Detection and quantification of rare mutations with massively parallel sequencing
Authors:
Isaac Kinde, Jian Wu, Nick Papadopoulos, Kenneth W Kinzler, Bert Vogelstein
Journal:
The Proceedings of the National Academy of Sciences, 2011 Jun 7;108(23):9530-5.
Abstract:
The identification of mutations that are present in a small fraction of DNA templates is essential for progress in several areas of biomedical research. Although massively parallel sequencing instruments are in principle well suited to this task, the error rates in such instruments are generally too high to allow confident identification of rare variants. We here describe an approach that can substantially increase the sensitivity of massively parallel sequencing instruments for this purpose. The keys to this approach, called the Safe-Sequencing System (“Safe-SeqS”), are (i) assignment of a unique identifier (UID) to each template molecule, (ii) amplification of each uniquely tagged template molecule to create UID families, and (iii) redundant sequencing of the amplification products. PCR fragments with the same UID are considered mutant (“supermutants”) only if ≥95% of them contain the identical mutation. We illustrate the utility of this approach for determining the fidelity of a polymerase, the accuracy of oligonucleotides synthesized in vitro, and the prevalence of mutations in the nuclear and mitochondrial genomes of normal cells.

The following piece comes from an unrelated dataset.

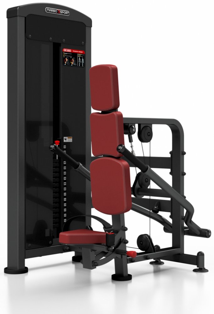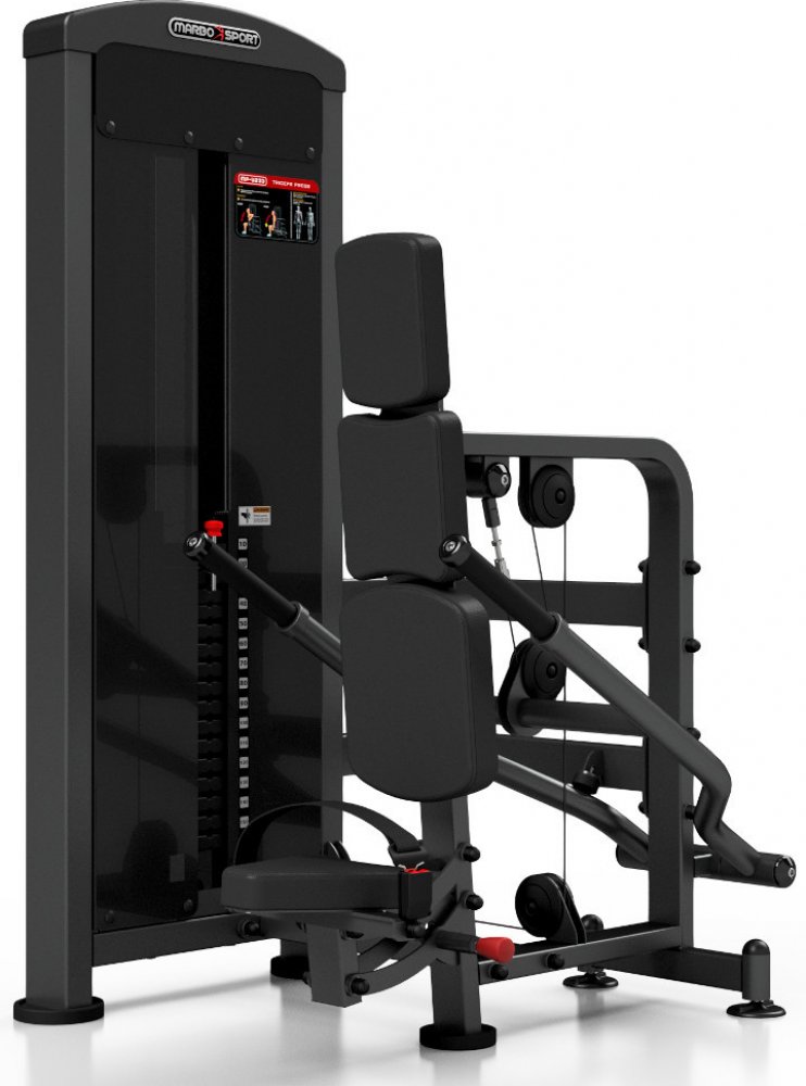 Posilovací stroj – triceps se závažím Marbo Sport MP-U233 je profesionální náčiní pro vypracování tricepsů pomocí dipů vsedě. Maximální stabilitu během tréninku zajišťuje robustní rám s protiskluzovými podložkami základny. Jelikož při práci s vyšší zátěží je důležité zůstat v té správné poloze, sedadlo je vybavené bezpečnostním pásem, který udrží spodní polovinu vašeho těla na místě. Výška sedadla je nastavitelná tak, aby si ji uživatel mohl přizpůsobit velikosti vlastní postavy. Kvalitní polstrování ze syntetické kůže je pevné a zároveň velmi pohodlné a poskytne tak skvělou oporu při cvičení. Nastavitelné závaží je odhlučněno plastovým krytem, takže práce na přístroji probíhá v klidu a relativní tichosti. Závaží lze navíc nastavit v rozmezí 10-160 kg, takže jej využijí začátečníci i pokročilí jedinci. Posilovací stroj Marbo Sport MP-U233 nabízí kvalitní trénink se zaměřením přímo na triceps a je tak důležitým vybavením pro každou kvalitní posilovnu.

Detection of rare mutations, copy number alterations, and methylation in the same template DNA molecules
Authors:
Yuxuan Wang, Christopher Douville, Joshua D Cohen, Austin Mattox , Sam Curtis, Natalie Silliman, Maria Popoli, Janine Ptak, Lisa Dobbyn, Nadine Nehme, Jonathan C Dudley, Mahmoud Summers, Ming Zhang, Lan T Ho-Pham, Bich N H Tran, Thach S Tran, Tuan V Nguyen, Chetan Bettegowda, Nickolas Papadopoulos, Kenneth W Kinzler, Bert Vogelstein
Journal:
The Proceedings of the National Academy of Sciences, August 2023
Abstract:
The analysis of cell-free DNA (cfDNA) from plasma offers great promise for the earlier detection of cancer. At present, changes in DNA sequence, methylation, or copy number are the most sensitive ways to detect the presence of cancer. To further increase the sensitivity of such assays with limited amounts of sample, it would be useful to be able to evaluate the same template molecules for all these changes. Here, we report an approach, called MethylSaferSeqS, that achieves this goal, and can be applied to any standard library preparation method suitable for massively parallel sequencing. The innovative step was to copy both strands of each DNA-barcoded molecule with a primer that allows the subsequent separation of the original strands (retaining their 5-methylcytosine residues) from the copied strands (in which the 5-methylcytosine residues are replaced with unmodified cytosine residues). The epigenetic and genetic alterations present in the DNA molecules can then be obtained from the original and copied strands, respectively. We applied this approach to plasma from 265 individuals, including 198 with cancers of the pancreas, ovary, lung, and colon, and found the expected patterns of mutations, copy number alterations, and methylation. Furthermore, we could determine which original template DNA molecules were methylated and/or mutated. MethylSaferSeqS should be useful for addressing a variety of questions relating genetics and epigenetics.